Exercise: Reproduce the material below only from the line with "Use wall shelves" to the line with "Desirable Harbor Village", both included, keeping each line exact and dropping the pictures.

Dataset records:
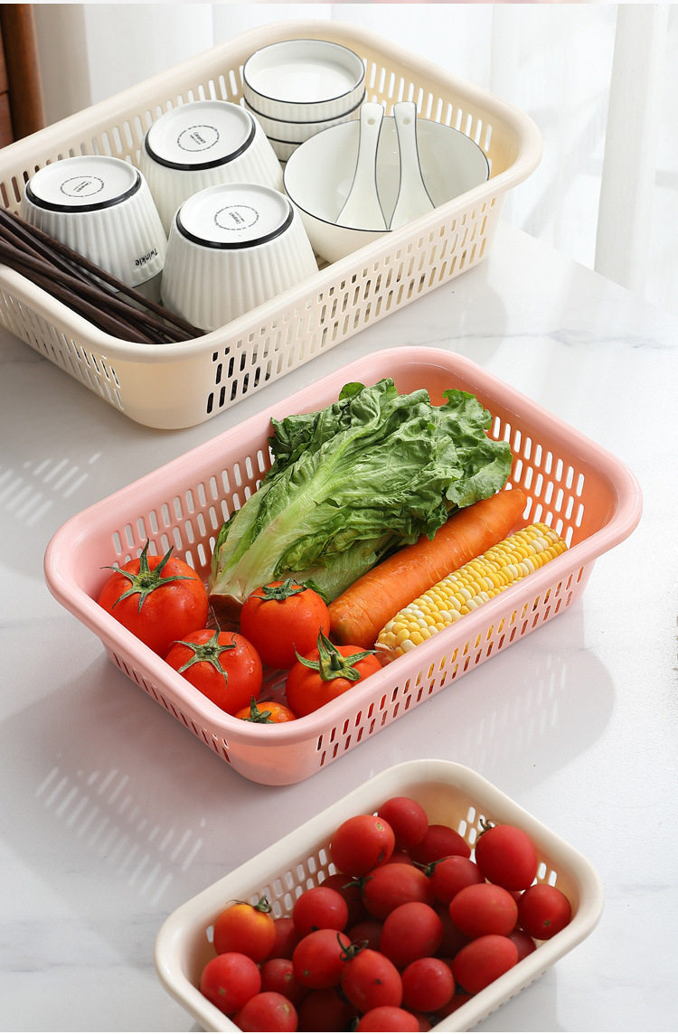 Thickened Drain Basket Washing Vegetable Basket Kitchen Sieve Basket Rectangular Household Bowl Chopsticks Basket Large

...

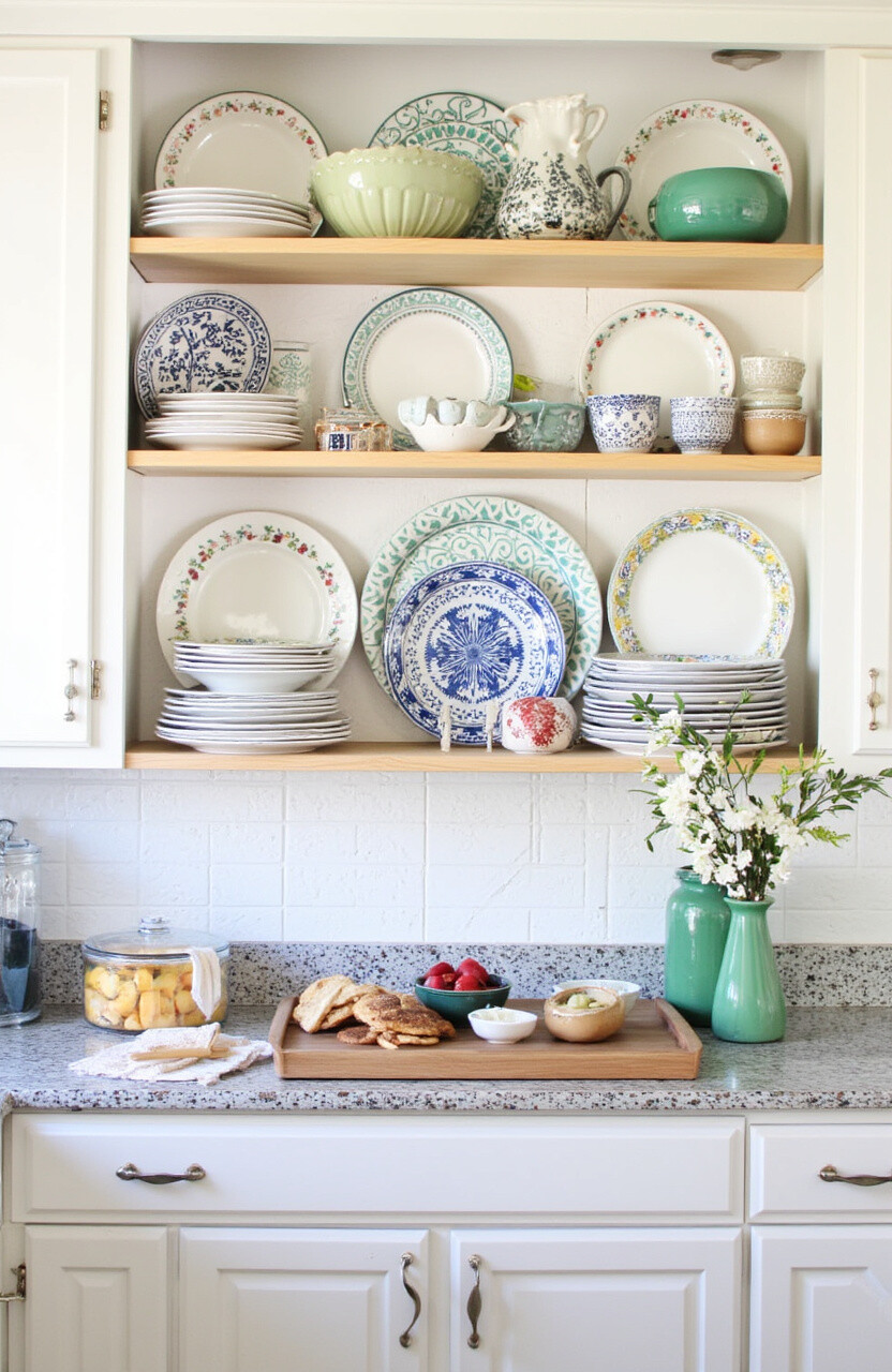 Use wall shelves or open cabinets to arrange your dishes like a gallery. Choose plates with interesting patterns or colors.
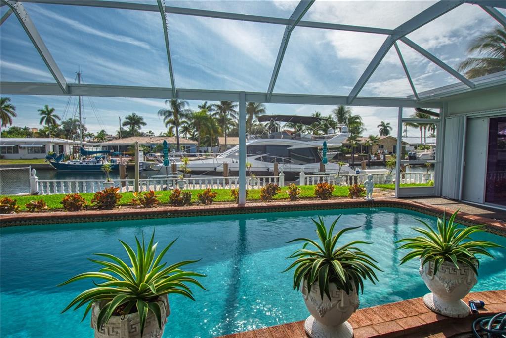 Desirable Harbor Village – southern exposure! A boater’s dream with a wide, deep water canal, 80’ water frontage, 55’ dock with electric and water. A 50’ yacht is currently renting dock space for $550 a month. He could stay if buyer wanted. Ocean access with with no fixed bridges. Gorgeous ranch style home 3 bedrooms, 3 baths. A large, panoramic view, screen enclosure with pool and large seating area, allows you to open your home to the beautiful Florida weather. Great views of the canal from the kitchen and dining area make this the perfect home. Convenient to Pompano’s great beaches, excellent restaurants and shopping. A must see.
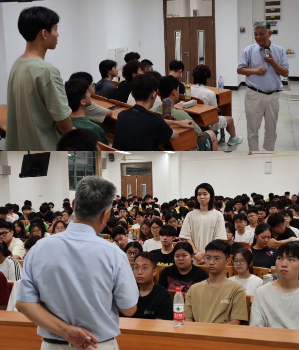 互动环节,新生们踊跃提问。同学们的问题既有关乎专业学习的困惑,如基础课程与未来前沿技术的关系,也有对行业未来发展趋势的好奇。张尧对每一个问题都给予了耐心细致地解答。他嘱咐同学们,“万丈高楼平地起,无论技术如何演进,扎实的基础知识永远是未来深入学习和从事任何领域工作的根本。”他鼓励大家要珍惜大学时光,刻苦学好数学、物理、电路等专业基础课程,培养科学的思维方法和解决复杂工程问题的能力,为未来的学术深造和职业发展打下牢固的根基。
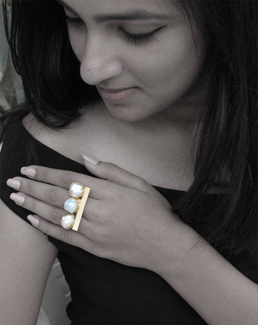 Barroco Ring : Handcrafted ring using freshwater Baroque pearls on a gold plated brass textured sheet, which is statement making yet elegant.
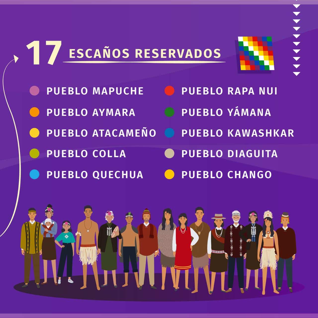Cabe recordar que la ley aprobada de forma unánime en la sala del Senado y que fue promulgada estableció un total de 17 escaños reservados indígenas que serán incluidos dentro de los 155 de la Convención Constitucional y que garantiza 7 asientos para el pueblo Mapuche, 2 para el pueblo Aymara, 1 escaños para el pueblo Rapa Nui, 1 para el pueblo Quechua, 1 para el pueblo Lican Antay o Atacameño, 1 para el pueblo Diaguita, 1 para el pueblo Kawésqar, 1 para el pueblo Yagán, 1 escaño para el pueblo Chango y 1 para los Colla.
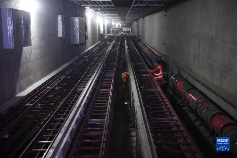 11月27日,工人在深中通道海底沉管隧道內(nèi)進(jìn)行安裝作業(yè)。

Exercise output:
 Use wall shelves or open cabinets to arrange your dishes like a gallery. Choose plates with interesting patterns or colors.
 Desirable Harbor Village – southern exposure! A boater’s dream with a wide, deep water canal, 80’ water frontage, 55’ dock with electric and water. A 50’ yacht is currently renting dock space for $550 a month. He could stay if buyer wanted. Ocean access with with no fixed bridges. Gorgeous ranch style home 3 bedrooms, 3 baths. A large, panoramic view, screen enclosure with pool and large seating area, allows you to open your home to the beautiful Florida weather. Great views of the canal from the kitchen and dining area make this the perfect home. Convenient to Pompano’s great beaches, excellent restaurants and shopping. A must see.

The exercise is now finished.